As another example, detection structure 60 may be configured to detect a radio frequency identifier of the flowable sensor. In this example, the detection structure may include a radio frequency source, which may be configured to excite the radio frequency identifier of the flowable sensor, and/or radio frequency detector, which may be configured to receive a radio frequency signal from the radio frequency identifier.

As yet another example, detection structure 60 may be configured to receive transmitted sensor data 172 from the flowable sensor. In this example, the detection structure may include a wireless receiver, which may be configured to wirelessly receive the transmitted sensor data. Examples of the wireless receiver include a radio frequency receiver, an electromagnetic receiver, and/or a Bluetooth receiver.

In some examples, detection structure 60 may be configured to query flowable sensor 100 while the flowable sensor is positioned within subsurface region 12. An example of such a detection structure 60 includes a downhole wireless network 62. Downhole wireless network 62 may include a plurality of communication nodes 64 that may be spaced-apart along a length of wellbore 30. In such a configuration, each communication node 64 may be configured to communicate with flowable sensor 100, such as to receive the sensor data via receipt of transmitted sensor data 172, and/or may be configured to communicate with at least one other communication node 64, such as to permit and/or facilitate conveyance of the sensor data along the length of the wellbore. In examples of hydrocarbon wells 20 that include detection structure 60 in the form of downhole wireless network 62, receipt of the sensor data while the flowable sensor is positioned and/or flows within the wellbore may permit and/or facilitate observation and/or determination of the at least one property of the subsurface region in real-time.

In some examples, detection structure 60 may include and/or be a surface-based detection structure 66, which may be positioned within surface region 10. In these examples, the surface-based detection structure may be configured to query the flowable sensor as the flowable sensor flows past the detection structure within produced fluid stream 48. Additionally or alternatively, the surface-based detection structure may include a capture structure 68, which may be configured to separate the flowable sensor from the produced fluid stream. In such an example, the detection structure may be configured to query the flowable sensor after the flowable sensor has been separated from the produced fluid stream. Examples of the capture structure include a screen, a filter, and/or a magnetic assembly configured to attract and/or retain the flowable sensor.

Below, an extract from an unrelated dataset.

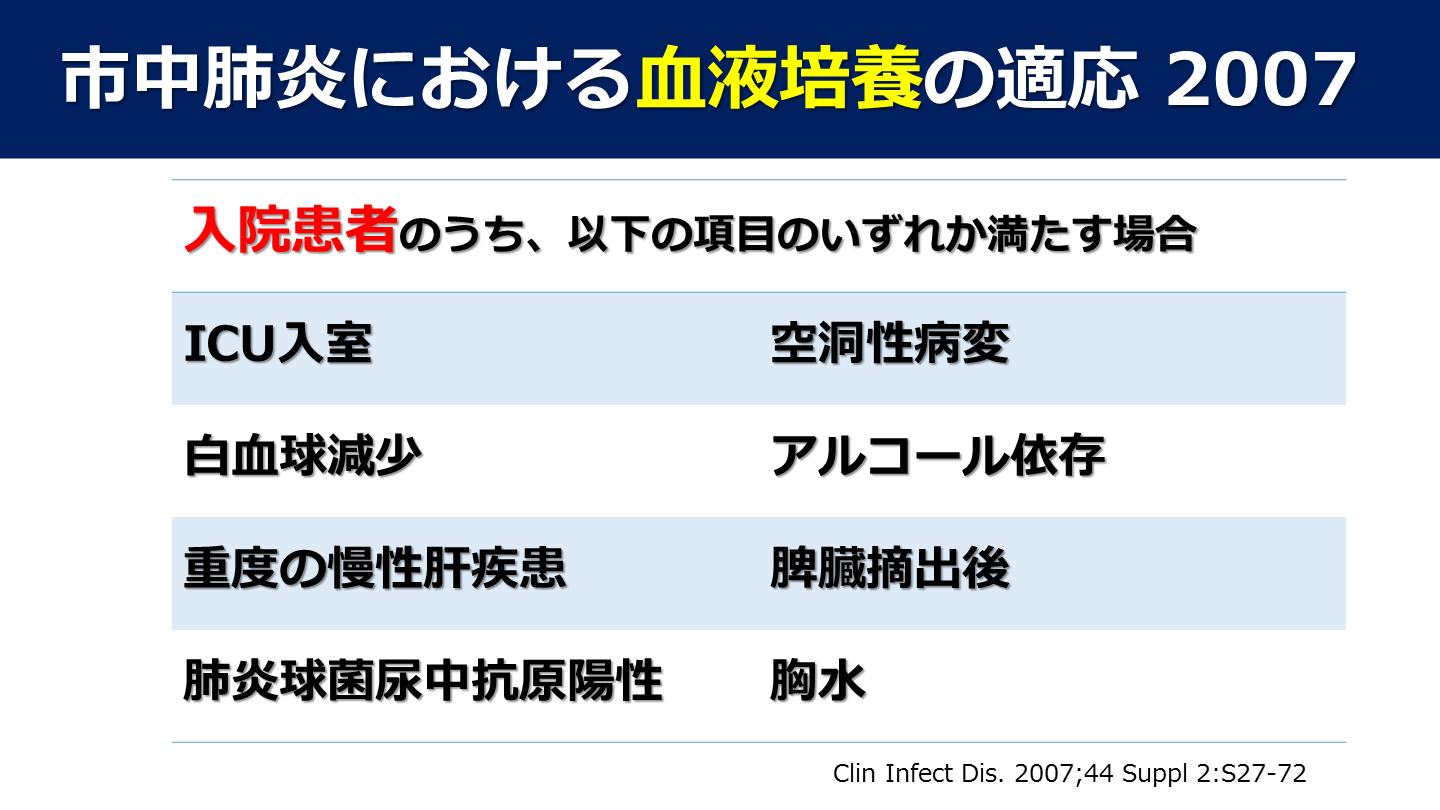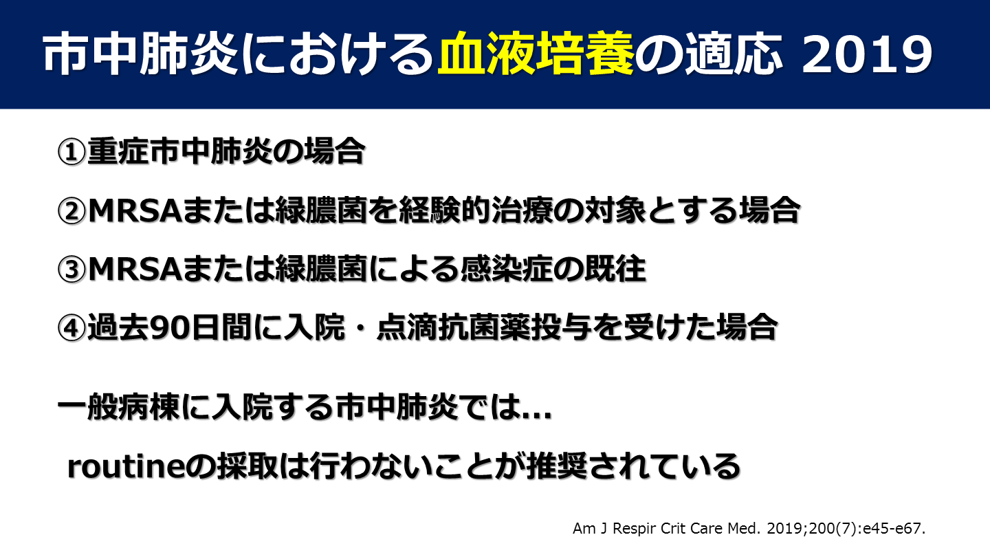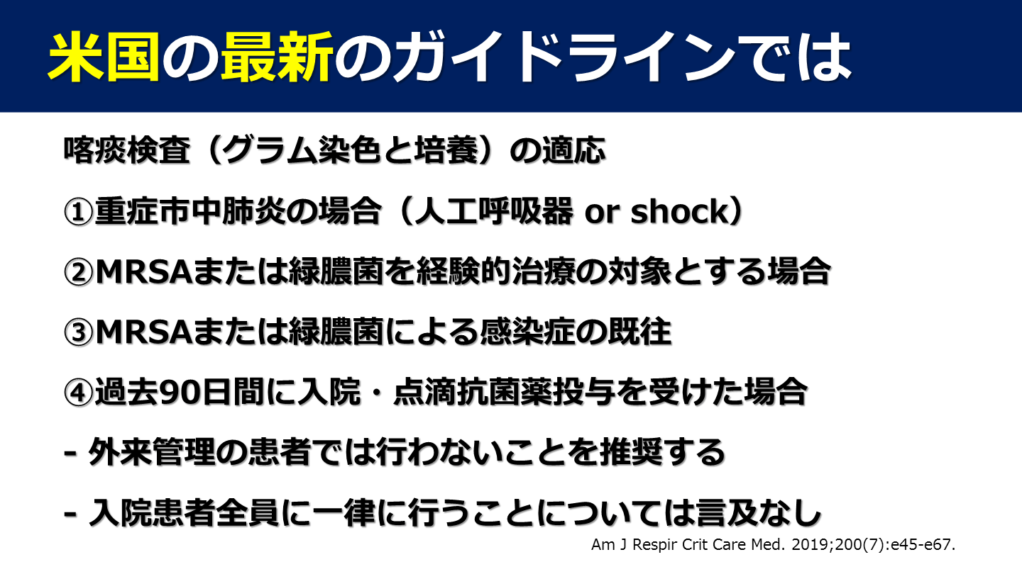 - 喀痰検査(グラム染色・喀痰培養)と血液培養の適応

As illustrated in dashed lines in FIG. 1, hydrocarbon well 20 may include a downhole tubular 50. Downhole tubular 50, when present, may define a tubular conduit 52, may extend within wellbore 30, and/or may extend from the surface region to the downhole end region of the hydrocarbon well.

As also illustrated in dashed lines in FIG. 1, hydrocarbon well 20 may include a toe sleeve 54. Toe sleeve 54, when present, may be downhole, or in a downhole direction 34, from downhole sensor storage structure 90. Stated another way, the downhole sensor storage structure may be configured to release flowable sensor 100 uphole from, or in uphole direction 32 from, the toe sleeve. Toe sleeve 54, when present, may permit inflow of reservoir fluids into tubular conduit 52, thereby permitting and/or facilitating flow of the reservoir fluids within the tubular conduit, production of the produced fluid stream, and/or flow of the flowable sensor within the produced fluid stream.

As used herein, “uphole direction” 32 may refer to a direction that is directed along a length of the wellbore and toward surface region 10. In contrast, “downhole direction” 34 may refer to a direction that is directed along the length of the wellbore and away from surface region 10. In the present disclosure, a first structure may be referred to as being uphole from a second structure. In this context, the first structure and the second structure may be located within wellbore 30 and/or the first structure may be in uphole direction 32 from, or relative to, the second structure, as measured along the length of the wellbore. Similarly, a third structure may be referred to as being downhole from a fourth structure. In this context, the third structure and the fourth structure may be located within wellbore 30 and/or the third structure may be in downhole direction 34 from, or relative to, the fourth structure, as measured along the length of the wellbore.

As illustrated in solid lines in FIG. 1, hydrocarbon well 20 may include a vertical, or an at least substantially vertical, region 36 that may include and/or define downhole end region 40. As illustrated in dashed lines in FIG. 1, hydrocarbon well 20 may include a horizontal, or a deviated, region 38 that may define a toe region 44 and a heel region 42. In some examples, toe region 44 may be vertically above heel region 42. In these examples, flowable sensor 100 may be neutrally buoyant and/or may be negatively buoyant within wellbore fluid 46. Such a configuration may decrease a potential for the flowable sensor to become entrapped and/or retained within the toe region of the hydrocarbon well.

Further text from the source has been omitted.